[[ INFORMATION PROVIDED, beginning ]]

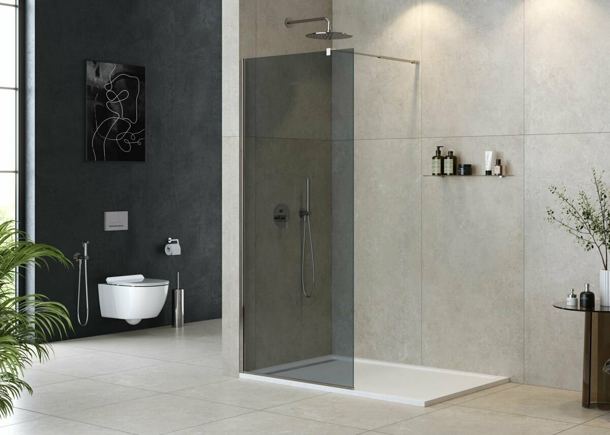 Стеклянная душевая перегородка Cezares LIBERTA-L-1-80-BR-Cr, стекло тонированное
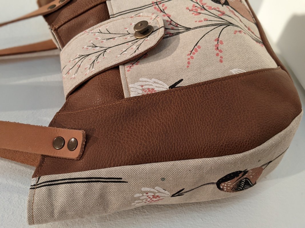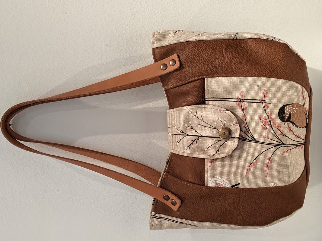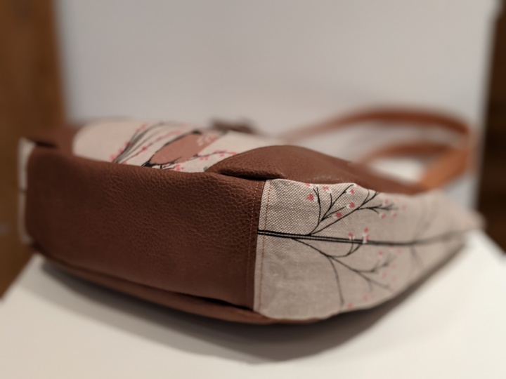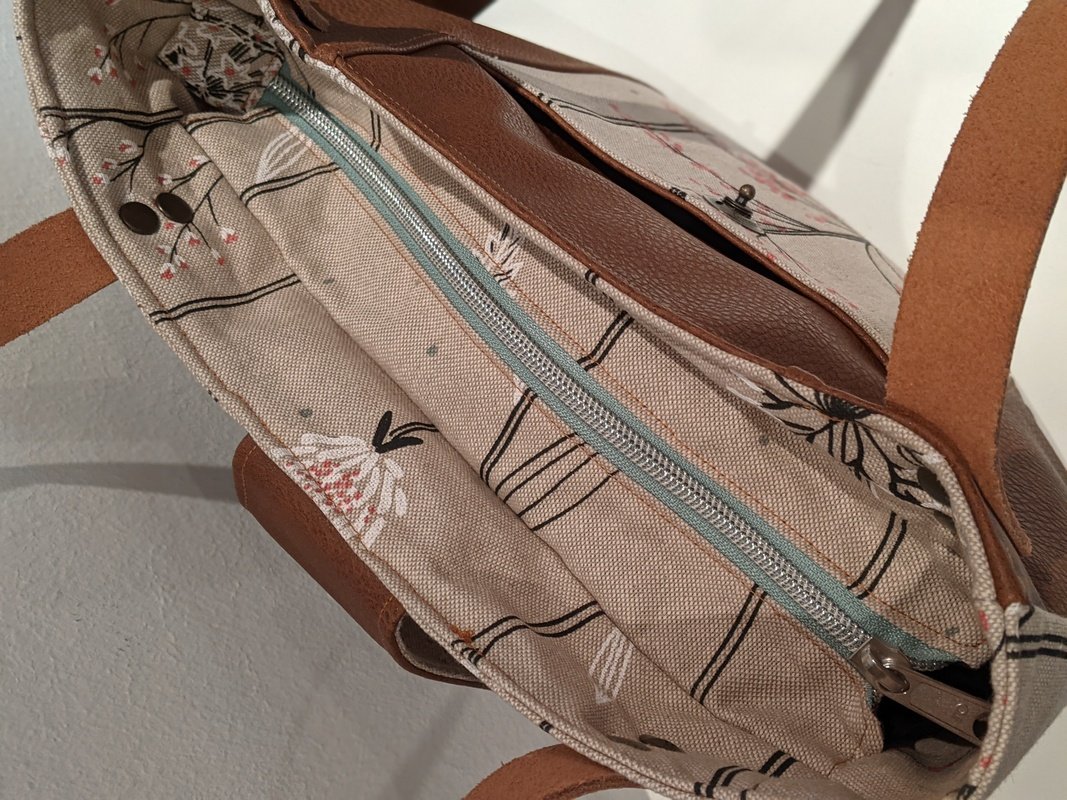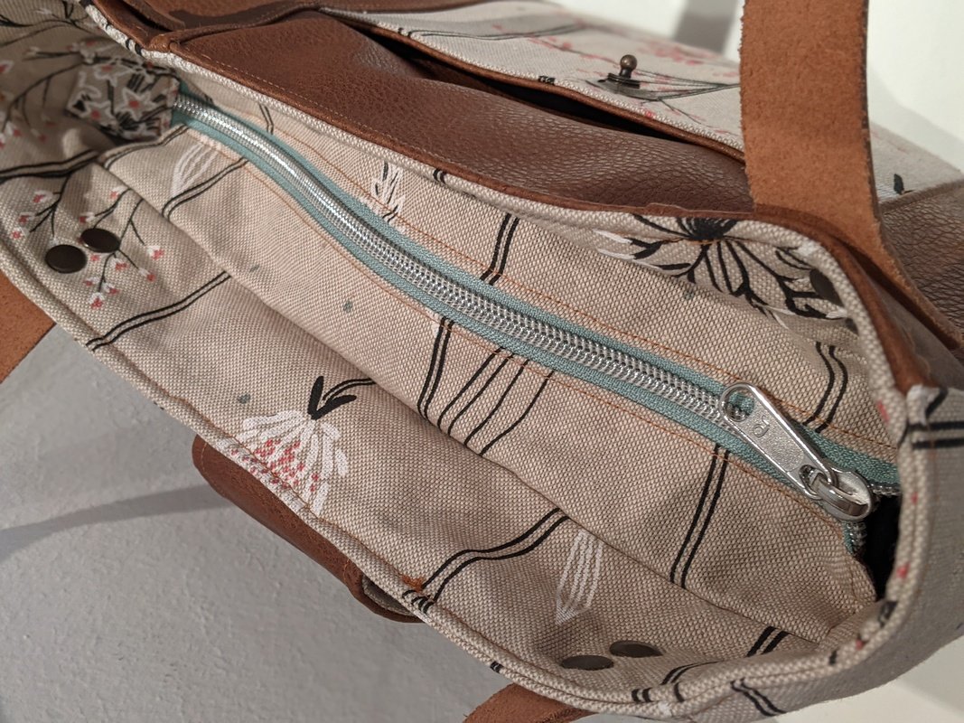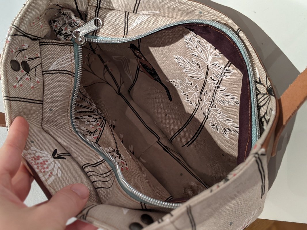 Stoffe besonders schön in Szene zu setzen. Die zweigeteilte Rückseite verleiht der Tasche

[[ INFORMATION PROVIDED, end ]]
[[ INFORMATION PROVIDED, beginning ]]

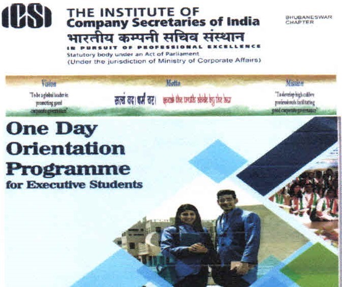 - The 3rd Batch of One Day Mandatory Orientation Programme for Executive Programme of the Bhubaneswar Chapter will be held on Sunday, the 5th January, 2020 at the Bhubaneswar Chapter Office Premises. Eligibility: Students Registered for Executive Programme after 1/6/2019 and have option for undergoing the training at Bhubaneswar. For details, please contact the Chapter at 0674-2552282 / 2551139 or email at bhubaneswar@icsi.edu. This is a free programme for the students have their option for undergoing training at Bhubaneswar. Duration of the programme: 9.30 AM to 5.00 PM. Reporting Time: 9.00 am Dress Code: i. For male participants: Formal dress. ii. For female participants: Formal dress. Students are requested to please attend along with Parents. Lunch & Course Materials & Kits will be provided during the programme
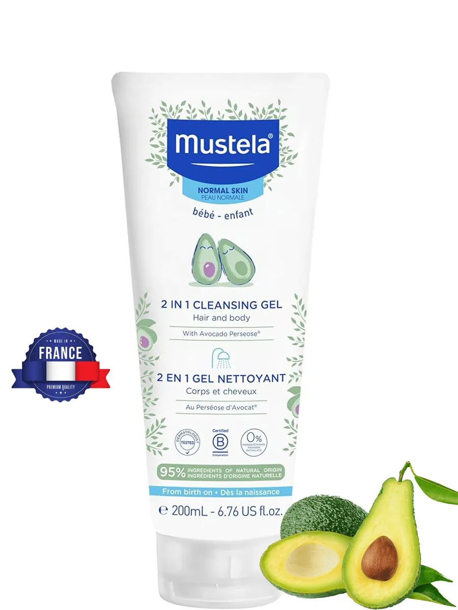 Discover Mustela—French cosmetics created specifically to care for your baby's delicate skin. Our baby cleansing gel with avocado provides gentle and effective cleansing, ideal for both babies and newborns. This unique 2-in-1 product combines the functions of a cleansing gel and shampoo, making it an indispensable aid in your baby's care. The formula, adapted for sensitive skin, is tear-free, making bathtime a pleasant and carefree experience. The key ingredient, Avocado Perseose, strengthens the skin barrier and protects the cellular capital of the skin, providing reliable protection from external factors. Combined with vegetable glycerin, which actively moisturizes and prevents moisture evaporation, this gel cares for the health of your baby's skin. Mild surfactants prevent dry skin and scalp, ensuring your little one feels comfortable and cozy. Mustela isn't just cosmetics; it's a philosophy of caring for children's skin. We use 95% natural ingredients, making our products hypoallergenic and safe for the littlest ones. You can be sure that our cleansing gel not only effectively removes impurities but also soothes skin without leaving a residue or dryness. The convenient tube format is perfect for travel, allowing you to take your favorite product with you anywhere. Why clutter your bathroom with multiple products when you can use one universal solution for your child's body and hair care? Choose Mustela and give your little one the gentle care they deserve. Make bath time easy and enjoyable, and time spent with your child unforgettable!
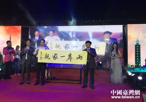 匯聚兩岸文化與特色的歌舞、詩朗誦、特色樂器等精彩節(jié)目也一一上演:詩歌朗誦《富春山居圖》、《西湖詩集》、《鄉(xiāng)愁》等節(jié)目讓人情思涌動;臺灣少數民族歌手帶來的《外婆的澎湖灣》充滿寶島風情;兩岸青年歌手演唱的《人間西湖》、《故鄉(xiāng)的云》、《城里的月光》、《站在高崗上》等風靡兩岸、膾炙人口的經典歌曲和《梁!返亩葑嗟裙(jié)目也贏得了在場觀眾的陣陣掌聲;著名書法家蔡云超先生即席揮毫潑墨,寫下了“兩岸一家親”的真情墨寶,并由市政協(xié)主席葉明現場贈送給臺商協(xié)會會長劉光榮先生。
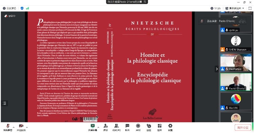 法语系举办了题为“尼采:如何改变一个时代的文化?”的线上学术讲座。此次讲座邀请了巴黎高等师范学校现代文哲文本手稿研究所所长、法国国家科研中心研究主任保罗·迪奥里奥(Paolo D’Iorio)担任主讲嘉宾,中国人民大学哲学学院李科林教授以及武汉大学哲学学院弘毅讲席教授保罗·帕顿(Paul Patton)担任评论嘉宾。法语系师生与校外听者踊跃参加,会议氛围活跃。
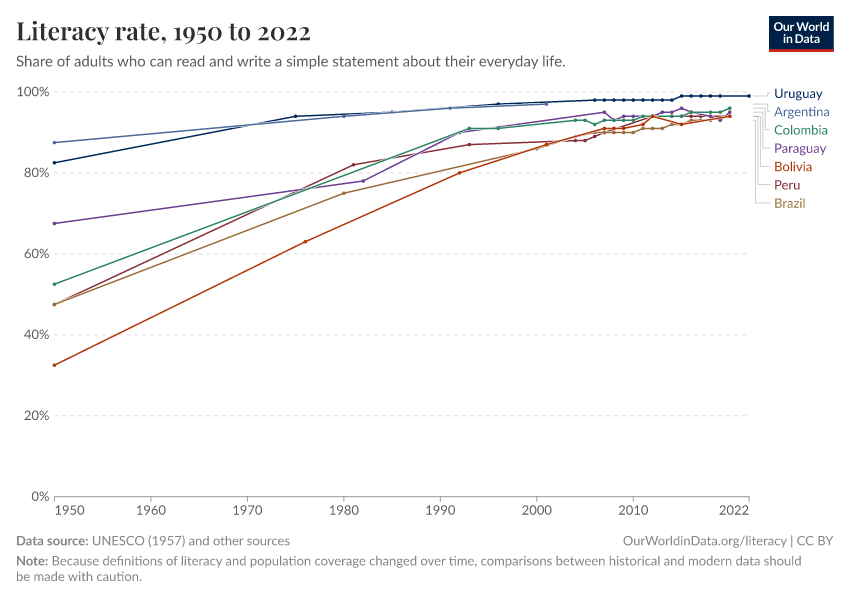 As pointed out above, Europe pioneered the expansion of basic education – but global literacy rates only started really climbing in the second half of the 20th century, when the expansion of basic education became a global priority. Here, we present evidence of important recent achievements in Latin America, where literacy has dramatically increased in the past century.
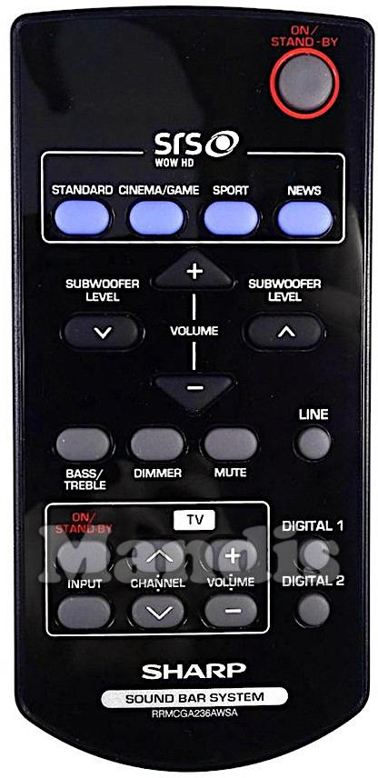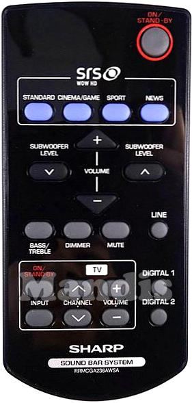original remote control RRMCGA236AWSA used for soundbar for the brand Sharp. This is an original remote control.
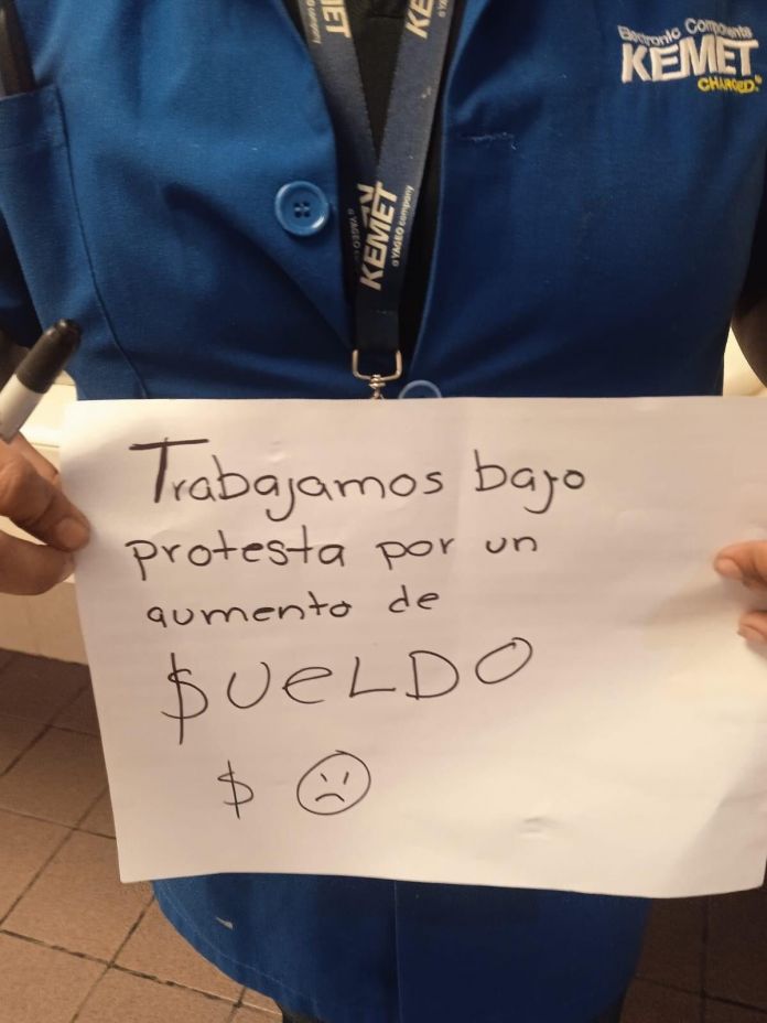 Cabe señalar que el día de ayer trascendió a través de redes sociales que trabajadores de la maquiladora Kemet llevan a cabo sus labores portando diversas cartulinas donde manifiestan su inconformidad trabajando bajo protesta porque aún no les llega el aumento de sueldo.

[[ INFORMATION PROVIDED, end ]]
[[ INFORMATION PROVIDED, beginning ]]

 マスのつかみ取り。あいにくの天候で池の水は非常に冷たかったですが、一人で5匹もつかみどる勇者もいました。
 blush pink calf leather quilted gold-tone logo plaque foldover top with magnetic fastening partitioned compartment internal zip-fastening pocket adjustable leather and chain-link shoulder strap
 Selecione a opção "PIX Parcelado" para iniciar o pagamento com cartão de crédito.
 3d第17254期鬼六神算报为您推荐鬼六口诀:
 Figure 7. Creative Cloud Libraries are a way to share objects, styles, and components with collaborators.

[[ INFORMATION PROVIDED, end ]]

EXERCISE: Quote the data above exactly from the line with "Стеклянная душевая перегородка" to the line with "Stoffe besonders schön", both ends counted, and nothing else. Pictures don't go in.

ANSWER TO THIS TASK:
 Стеклянная душевая перегородка Cezares LIBERTA-L-1-80-BR-Cr, стекло тонированное
 Stoffe besonders schön in Szene zu setzen. Die zweigeteilte Rückseite verleiht der Tasche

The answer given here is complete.